Re: Statistics Import and Export - Mailing list pgsql-hackers

From Bruce Momjian
Subject Re: Statistics Import and Export
Date
Msg-id Zz0T1BENIFDnXmwf@momjian.us
Whole thread Raw
In response to Re: Statistics Import and Export  (Corey Huinker <corey.huinker@gmail.com>)
List pgsql-hackers
On Tue, Nov 19, 2024 at 03:47:20PM -0500, Corey Huinker wrote:
>     I don't have a strong opinion here, but I suspect that if I was creating
>     vacuumdb from scratch, I'd have suggested a --missing-only flag that would
>     only work for --analyze-only/--analyze-in-stages.  That way, folks can
>     still regenerate statistics if they want, but we also have an answer for
>     folks who use pg_upgrade and have extended statistics.
> 
> 
> (combining responses to Bruce's para about surprise calculus and Nathan here)
> 
> I agree that a clean API is desirable and a goal. And as I stated before, a new
> flag (--analyze-missing-in-stages / --analyze-post-pgupgrade, etc) or a flag
> modifier ( --missing-only ) was my first choice.
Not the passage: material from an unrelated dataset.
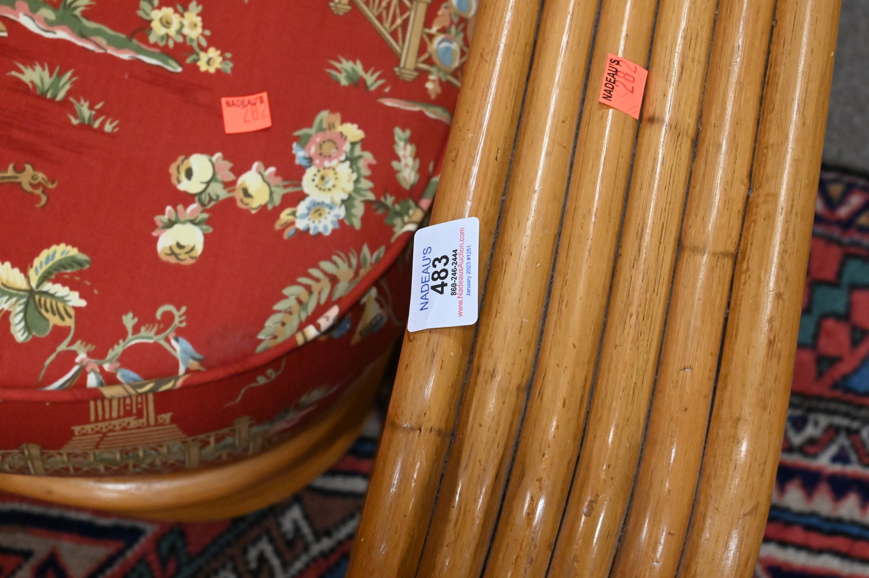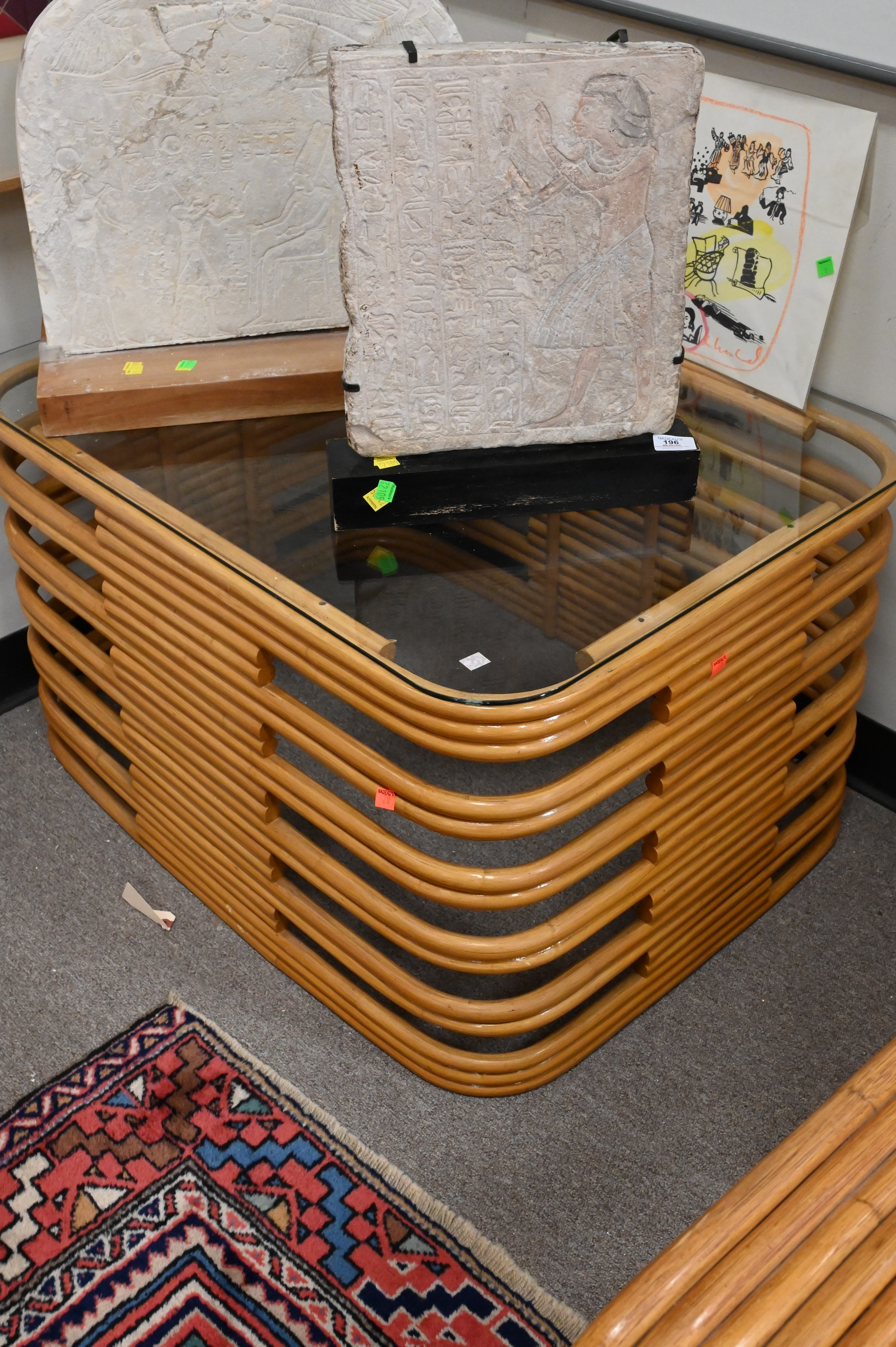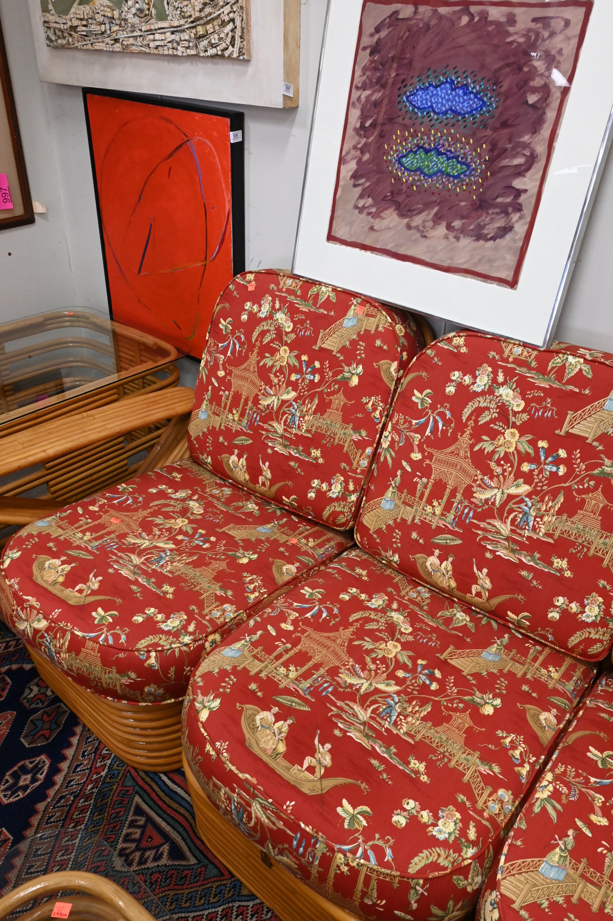 to include a Paul Frankl rattan bamboo streamline three part sofa along with a pair of Paul Frankl rattan end tables and one coffee table

Yes, after a clean API is designed, you can then consider surprise
calculus.  This is an issue not only for this feature, but for all
Postgres changes we consider, which is why I think it is worth stating
this clearly.  If I am thinking incorrectly, we can discuss that here too.

> But if we're going to go that route, we have a messaging problem. We need to
> reach our customers who plan to upgrade, and explain to them that the
> underlying assumption behind running vacuumdb has gone away for 99% of them,
> and that may be 100% in the next version, but for that 99% running vacuumdb in
> the old way now actively undoes one of the major improvements to pg_upgrade,
> but this one additional option keeps the benefits of the new pg_upgrade without
> the drawbacks.

How much are we supposed to consider users who do not read the major
release notes?  I realize we might be unrealistic to expect that from
the majority of our users, but I also don't want to contort our API to
adjust for them.

> That, and once we have extended statistics importing on upgrade, then the need
> for vacuumdb post-upgrade goes away entirely. So we'll have to re-message the
> users with that news too.
> 
> I'd be in favor of this, but I have to be honest, our messaging reach is not
> good, and takes years to sink in. Years in which the message will change at
> least one more time. And this outreach will likely confuse users who already
> weren't (and now shouldn't be) using vacuumdb. In light of that, the big risk
> was that an action that some users learned to do years ago was now actively
> undoing whatever gains they were supposed to get in their upgrade downtime, and
> that downtime is money to them, hence the surprise calculus.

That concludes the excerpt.